Influential emo vets The Get Up Kids recently revealed that they'll be performing their classic 1997 debut album Four Minute Mile in full for its 25th anniversary at Riot Fest, and now they announced a full headlining tour that fill find them playing the entire album, plus that same year's Woodson EP, with support from fellow emo vets Sparta. This is the stuff Elder Emo dreams are made of.
The tour hits NYC on September 25 at Irving Plaza and Asbury Park on September 28 at House of Independents. Tickets go on sale Thursday (6/16) at noon wit presales beforehand. All dates are listed below.

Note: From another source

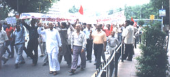 Employees of finance sector unions raise their common demands On August 4, 2003, representatives of employees of various unions in the finance sector held a meeting in Bangalore to highlight their common demands. These included representatives of unions in the Life Insurance Corporation of India, general insurance companies, State bank of India, Reserve Bank, IDBI, NABARD and other banks. The antisocial offensive of the government, its policy of globalisation through liberalisation and privatisation as well as its harsh measures against the rights and livelihood of the working people were vigorously denounced. The participants at the meeting raised the issue of the massive non-performing assets in the banking sector, to the tune of 1,20, 000 crores of rupees. The government was trying to pass this burden on to the working people by adjusting the balance sheets. The government’s attempts to push through the Banks Privatisation Bill in the winter session of parliament and the move towards privatisation of the insurance sector were also denounced. The people’s money should be utilised for the wellbeing of the people and not for the profits of the private monopolies, the finance sector workers declared. The finance sector workers denounced the non-implementation of wage revision which has long been overdue. Retrenchment of workers in the finance sector and forcible VRS were other issues highlighted. Trade union rights of the working people in this sector are also under attack, it was pointed out. The finance sector unions adopted a joint declaration, raising their common demands and decided to launch a powerful campaign against privatisation and forcible VRS in the finance sector, including an All India Convention in December 2003. |

Here's what we said about Four Minute Mile in our retrospective list on punk and pop punk albums from 1997:
The Get Up Kids' 1997 debut album Four Minute Mile combined the driving, hooky indie-punk of Superchunk and the more tangled sounds of Midwest emo and helped create the blueprint for early/mid 2000s emo-pop in the process. Whether or not The Get Up Kids wear that badge proudly is a different story, but they broke a lot of musical ground and I'm of the opinion that it should be celebrated. Their 1999 sophomore album Something To Write Home About is their crowning achievement, but the seeds were already being sewn on the rougher Four Minute Mile which was pretty influential itself too. It's more than just a dry run for STWHA; it's home to all-time Get Up Kids classics like "Don't Hate Me," "Coming Clean," "No Love" and "Shorty" that still sound great today, and it's a distinctly different album than the one that followed it. STWHA is nearly perfect but Four Minute Mile is charmingly flawed, and sometimes you're craving something rawer and punkier than the more polished-up and ballad-inclusive Something To Write Home About. For those times, there's Four Minute Mile.